This week's announcement at the Worldwide Partner Conference of Microsoft's partner model for its Software Plus Services initiative has led to a fairly predictable freak-out among partners.

But if the mother ship's S+S model seems to wrest control of customers away from channel members, little Microsoft satellite Tellme's budding partner program leaves partners firmly in control of their accounts. Microsoft bought Tellme, a SaaS telephony company, last year, and the little principality of Microsoft's great nation still has a fair amount of independence. It's even headquartered in Mountain View, Calif., rather than in Redmond.

What Tellme didn't have until this week was a partner program. It sold its hosted phone systems directly and mainly to really large companies -- think American Express and FedEx. Enter the affable Bob Crissman, longtime Microsoft Partner Program veteran and now general manager of Tellme's partner program. Crissman's building a channel for Tellme, and he's keeping partners at the forefront of the effort.

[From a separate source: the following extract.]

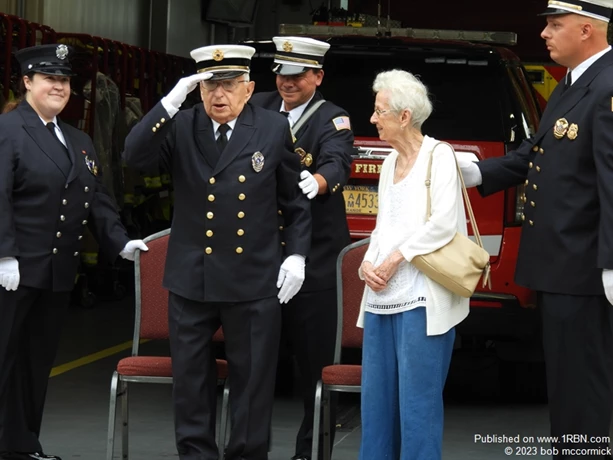 Assistant Chief Chris Wilson escorted Mrs. D'Angelo to her seat, and Chief of the Department Tom Van Zandt walked Pat down between the members who stood saluting. Pat gave them back a salute. After the ceremony, Pat was given his helmet and past chief's badge, plus the company presented him with a plaque for his 67-years of service.

"For partners to pay attention to Tellme, we want to make sure we have a compelling model for them," Crissman told RCPU at the WPC. "They own the customer relationship. They get the professional services revenue upfront."

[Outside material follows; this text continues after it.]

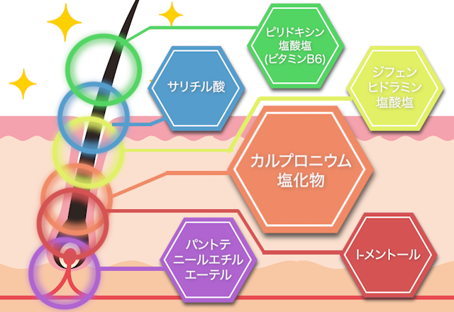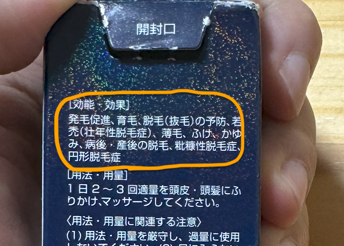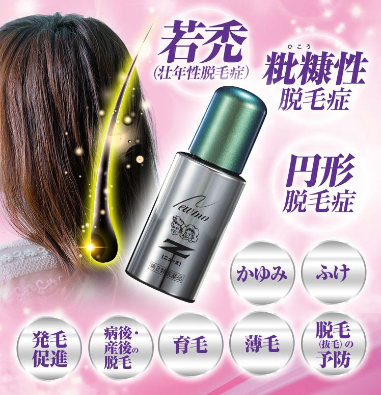 ※効能効果:発毛促進、育毛、脱毛(抜毛)の予防、若禿(壮年性脱毛症)、薄毛、ふけ、かゆみ、病後・産後の脱毛、粃糠性脱毛症、円形脱毛症。

Here's how it works: Microsoft wholesales phone minutes -- basically the commodity in this business -- to partners, who in turn mark them up and sell them to customers. Beyond that, partners have plenty of opportunities for customization and service. And, partners own their accounts -- they do the billing, the upselling, the bundling -- unlike in Microsoft's S+S partner strategy.

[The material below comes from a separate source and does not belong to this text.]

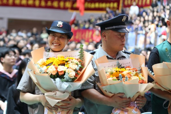 在典礼上,毕业纪念片《青春主演》带大家回顾与母校一同勇毅前行的青春历程。毕业生代表向后勤系统工作人员代表献花表达了他们的感恩之情。毕业典礼结束之际,掌声与乐声再次响起。“潜岳苍苍,江淮汤汤。夏商肇启,雍容汉唐。文化丕成,民族是昌。莘莘多士,跻兹上庠”。伴随着校歌,2024届毕业生秉承着“至诚至坚,博学笃行”的校训精神,扬帆起航,于更高处博览天地,用实际行动书写精彩人生。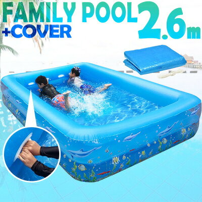 1年保証 プール 大型 2.6m ハンドル & プールカバー 付き ビニールプール ファミリープール 幅 260cm x 奥行き 170cm x 高さ 50cm 庭 ベランダ 除菌剤 消毒 電動ポンプ 空気入れ バタ足 練習 スイミング 水泳 水あそび キッズ 家庭用プール 子供用プール ●[送料無料]

"[Partners] get the professional services revenue upfront," Crissman said. "The partner is going to realize a revenue stream from that over the life of the agreement."

The deal's great for systems integrators, Crissman said, as well as for companies that have expertise either in phone systems or in speech applications -- the latter category of partner could, for instance, speech-enable a CRM system so that salespeople could update their systems over the phone rather than via a keyboard.

Crissman said that Tellme has a lot of autonomy from Microsoft and that he never really talked with the mother ship's SaaS folks about their partner strategy. Maybe, though, Microsoft should pay attention to what Crissman and his folks are doing.

Sure, it's not an apples-to-apples comparison -- Tellme's looking for 30 or 40 partners and now has one (SpeechCycle), while the Microsoft SaaS effort will involve at least tens of thousands of partners -- but Crissman and his team seem to have found a model that will work well for everybody involved. And shouldn't that always be the goal?